Polimerasa de DNA del Bst, menos de Exonuclease

8.000 U/mL

Incluye el almacenador intermediario B (1,2 ml de la polimerasa de DNA 10X por 2.000 unidades)

Almacene en – el ºC 20.

Para el uso de la investigación solamente. No para el uso en procedimientos de diagnóstico.

Especificaciones técnicas

Descripción de producto

Polimerasa de DNA del Bst, menos de Exonuclease, 8.000 units/mL.

Almacenador intermediario del almacenamiento

Tris-ácido clorhídrico de 10 milímetros, pH 7,5, 50 milímetros de KCl, 1 milímetro DTT, EDTA de 0,1 milímetros, 0,1% Tritones X-100, y glicerol del 50%.

Estabilidad

La polimerasa de DNA del Bst, menos de Exonuclease es estable por un año a partir de la fecha recibió si está almacenada en – el ºC 20.

Condiciones recomendadas de la reacción

Polimerasa de DNA de 8 U Bst, menos de Exonuclease; almacenador intermediario B de la polimerasa de DNA 1X que contiene el Tris-ácido clorhídrico pH 8,8, 10 milímetros (NH4) de 20 milímetros ² TAN⁴, 10 milímetros de KCl, 2 milímetros MgSO⁴, y el 0.1% Tritón X-100.

Determinación de la actividad

Una unidad cataliza la incorporación del nmol 10 del dNTP en el material insoluble en el ácido en 30 minutos en el °C 65 en el Tris-ácido clorhídrico pH 8,8 de 20 milímetros, 10 milímetros (NH4) ₂ TAN_4,10 milímetros de KCl, 2 milímetros MgSO₄, el 0.1% Tritón X-100, 30 ssDNA del nanómetro M13mp18, 70 nanómetro M13 que ordenan la cartilla (- 47) 24 mer, dGTP de 200 µM, dATP, dTTP, dCTP (una mezcla de sin etiqueta y [³³ P] de dCTP), y 0,1 mg/ml BSA.

Ausencia de Endonuclease o de actividad el mellar

La incubación de 8 U de la polimerasa de DNA del Bst, menos de Exonuclease con 1 µg de la DNA pUC19 por 16-18 horas en el ºC 37 dio lugar a ningún manchar de bandas según lo detectado por electroforesis del gel de la agarosa.

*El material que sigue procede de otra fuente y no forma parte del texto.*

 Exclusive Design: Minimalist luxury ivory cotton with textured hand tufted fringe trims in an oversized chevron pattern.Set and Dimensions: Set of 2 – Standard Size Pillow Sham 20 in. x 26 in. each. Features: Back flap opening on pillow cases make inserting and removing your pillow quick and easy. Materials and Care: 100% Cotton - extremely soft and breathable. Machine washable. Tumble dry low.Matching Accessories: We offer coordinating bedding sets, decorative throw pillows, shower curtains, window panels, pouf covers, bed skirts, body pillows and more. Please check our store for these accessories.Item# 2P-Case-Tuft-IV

Ausencia de actividad de Exonuclease

La incubación de 8 U de la polimerasa de DNA del Bst, menos de Exonuclease con 1 µg de DNA de la lambda del HindIII-corte por 16 horas en el ºC 37 y ºC 65 dio lugar a ningún manchar de bandas en los geles de la agarosa. Las solas actividades trenzadas trenzadas y dobles del exonuclease fueron probadas incubando el µL 10 de la enzima en el substrato radiactivo de la DNA del µLwith de 8 u para una hora en el ºC 37 el ºC y 65, dando por resultado menos de 0,1% lanzamientos de cuentas TCA-solubles.

Pureza

>el 90% puro por la PÁGINA del SDS. Ninguna contaminación perceptible de la DNA. el µL 10 de la enzima en el µL de 8 u de la muestra fue probado para la contaminación genomic de la DNA de Escherichia Coli por la polimerización en cadena que amplificaba con las cartillas ribosomal de Escherichia Coli 16S.

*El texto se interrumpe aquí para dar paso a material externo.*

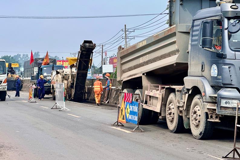Sửa chữa mặt đường trên Quốc lộ 1 đoạn qua huyện Trảng Bom
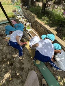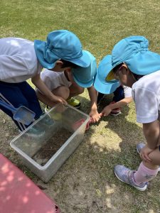 2025.05.27 日々の様子 虫探し 園庭に出ると、すぐに虫探しを始めるばら組さん。 プランターの下など、虫がいそうな場所が分かっていて「ここはどうかな」と動かしたり、先生に動かしてもらって虫を集めています。主にダンゴムシです。 子どもたちは、砂場の脇の日陰のプランターの下は湿っていてダンゴムシのたまり場と心得ていて、動かすと大きなダンゴムシが現れました。 しばらく虫ブームは続きそうです。
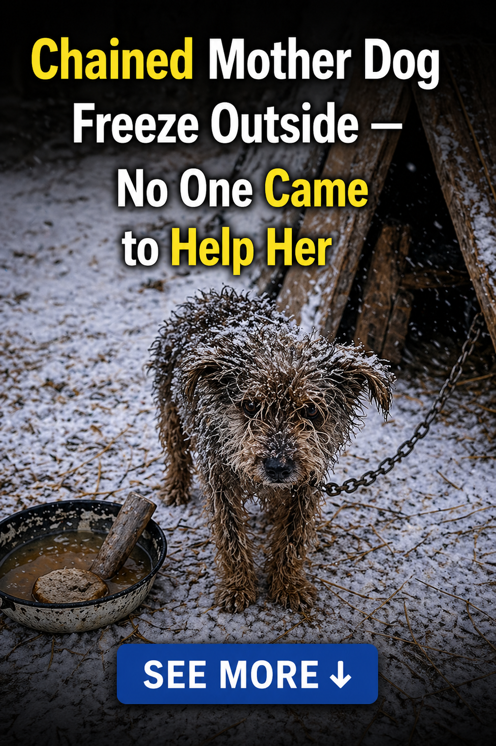 In the biting cold of winter, a heartbreaking scene unfolded in a small yard that most passersby ignored. A mother dog stood frozen, tethered by a short, heavy chain to a collapsing shack. Beside her, four frail puppies struggled to stay alive, huddled together for warmth in a life that had known only neglect.

Dongsheng Biotech Co., Ltd toma tecnología de la polimerización en cadena como su base, y sus productos se centran en la polimerización en cadena común, el qPCR, la detección ácida nucléica y otros campos. Adhiriéndose a la política de la calidad de “búsqueda continua de la innovación continua, de la tecnología principal y de la satisfacción del cliente”, proveemos de nuestros clientes los productos rentables de la biología molecular.